Description
Ce coffre en noyer blond, daté du XVIᵉ siècle et originaire du Val de Loire, témoigne de l’art raffiné de la Seconde Renaissance française. Son bâti solide se distingue par une ornementation foisonnante, typique de cette période. La façade principale déploie une synthèse du récit de la création d’Ève et de la Chute, organisée en deux panneaux rythmés par trois caryatides. La clef, d’une exécution d’orfèvrerie remarquable, est conservée dans son état d’origine.
« Homme et femme il les créa » — Genèse 2, 4-25
Le récit s’organise en quatre scènes distinctes, réparties sur deux médaillons circonscrits par des guirlandes de feuilles de chêne et de glands, finement agrémentées de nœuds.
Premier médaillon :
La narration s’ouvre sur la scène placée à l’arrière-plan, à gauche :
Dieu, représenté sous les traits d’un roi barbu, tire du flanc d’Adam endormi le corps d’Ève. Au centre de la composition se déroule l’épisode crucial du récit : Ève tend à Adam le fruit défendu de l’arbre de vie. Le tentateur, un serpent-femme hybride, enroule son corps autour du tronc et encourage la femme d’un geste de la main.
La nudité d’Ève, délicatement rendue, évoque la grâce d’une Vénus antique. La position d’Adam rappelle une gravure de Jean Sadeler d’après Martin de Vos (vers 1550–1600), dont l’œuvre considérable inspira de nombreux artisans (In Adam omnes moriuntur).

Second médaillon :
S’y joue la conséquence dramatique du premier épisode. Le fruit défendu a ouvert les yeux du couple sur leur nudité : Ève tend à Adam des feuillages pour dissimuler les corps dont ils ont honte.
« Leurs yeux à tous deux s’ouvrirent, et ils prirent conscience qu’ils étaient nus. Ils attachèrent ensemble des feuilles de figuier et s’en firent des ceintures. » — Genèse 3, 1-7
Selon la volonté divine, un ange surgit du ciel, sabre en main, et chasse le couple damné des portes du Paradis. Entre l’homme et la femme s’interpose un squelette : la mort partage désormais leur exil.

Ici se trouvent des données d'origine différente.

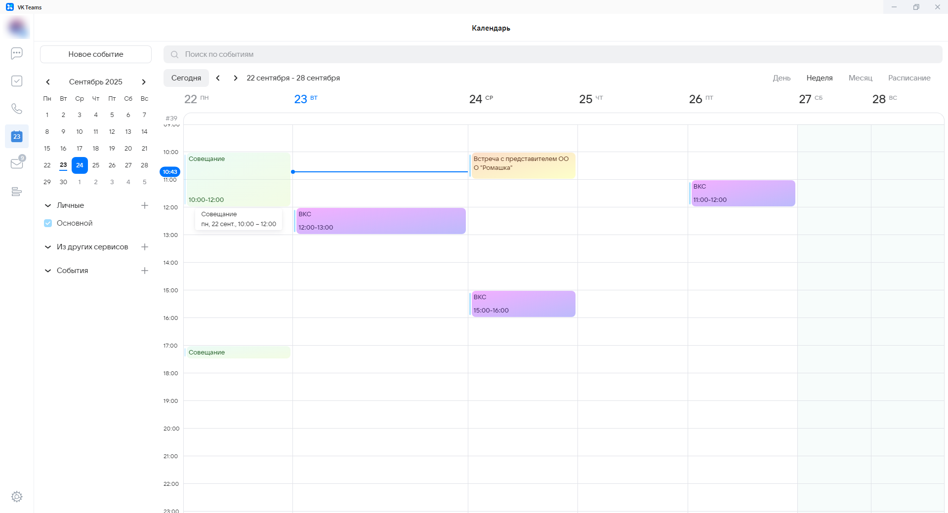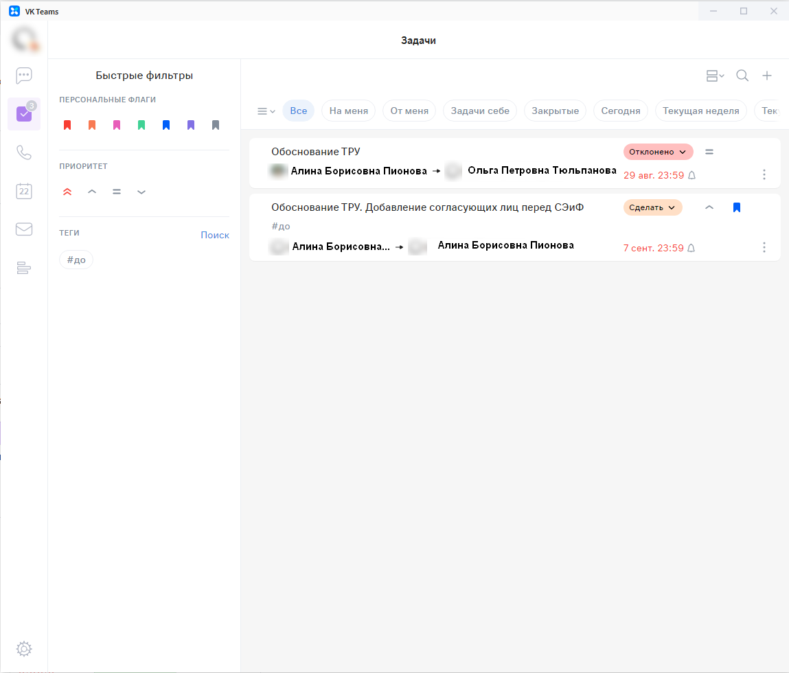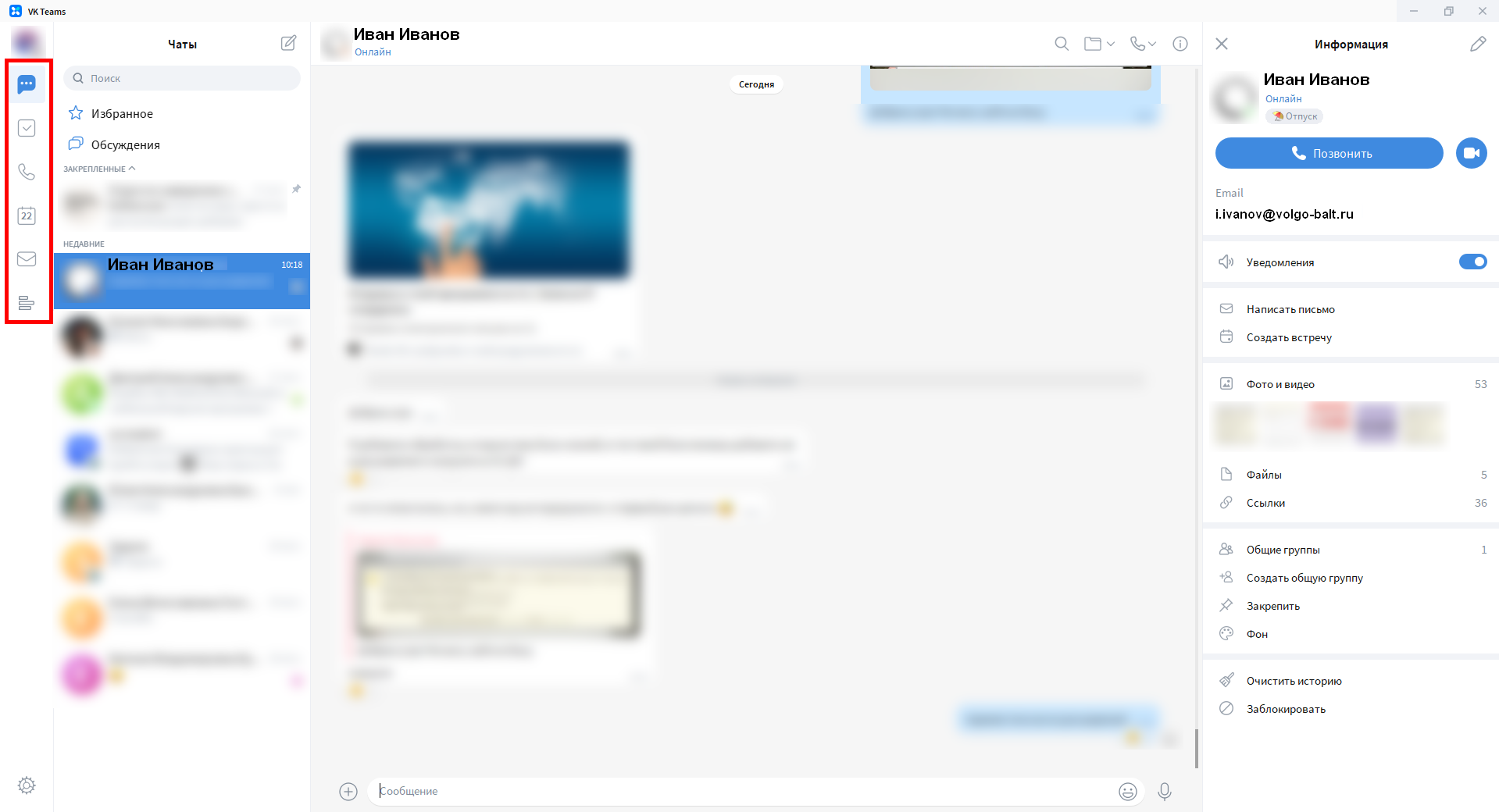 Интерфейс приложения VK Teams

« Puisque tu as écouté la voix de ta femme et que tu as mangé de l’arbre au sujet duquel je t’avais donné cet ordre : “Tu n’en mangeras point !” le sol sera maudit à cause de toi. » — Genèse 3, 17
Les trois caryatides obéissent à une même composition : des gaines drapées qu’une main relève avec grâce, surmontées d’une tête de putto d’où s’échappe une guirlande de pommes, symbole du fruit défendu. Les caryatides sont raffinées et minutieusement détaillées, des parures finement sculptées et des expressions bien décrites.
À gauche, un homme moustachu, coiffé de plumes et vêtu d’une cotte romaine, dissimule des gueules de lions sur ses épaules et sur son front. À droite, son pendant porte un couvre-chef « oriental » ; sa chevelure, épaisse et ondulée, s’écarte des modèles italiens.
Car si la Renaissance française s’inspire largement des gravures et des maîtres transalpins, elle adapte leur vocabulaire ornemental selon sa propre sensibilité. Ces figures typées, tout comme l’organisation architecturée du meuble, témoignent de cette synthèse : un art nourri d’influences multiples, empreint d’un esprit international, mais fidèle à la singularité française. Au centre, la femme une femme nue, poitrine dénudée fait office de serrure, réceptacle de la clef.
L’ornementation de ce coffre s’inscrit pleinement dans le goût italien, nourrie de motifs empruntés à l’Antiquité. Deux frises courent le long des panneaux, animées de guirlandes sacrificielles où s’entrelacent pampres, putti et gueules de lions. Les côtés, conçus en panneaux à plate-bande, présentent une rosace centrale entourée de feuilles d’acanthe et munie d’une poignée tombante. L’ensemble est surmonté d’une succession de pennes d’oiseaux et de motifs géométriques, tandis que de grandes plumes encadrent la rosace, soulignant la richesse et la cohérence du décor.
Ce coffre, orné d’un décor foisonnant d’une rare finesse, illustre avec éclat l’art du Val de Loire dans la seconde moitié du XVIᵉ siècle. Héritier de la tradition des huchiers français, il intègre avec élégance les motifs italiens popularisés par les gravures issues des chantiers de Fontainebleau. La présence exceptionnelle de sa clef d’origine en renforce encore le prestige.
Bibliographie :
Adam et Eve, De Durer à Chagall, Gravures de la Bibliothèque nationale.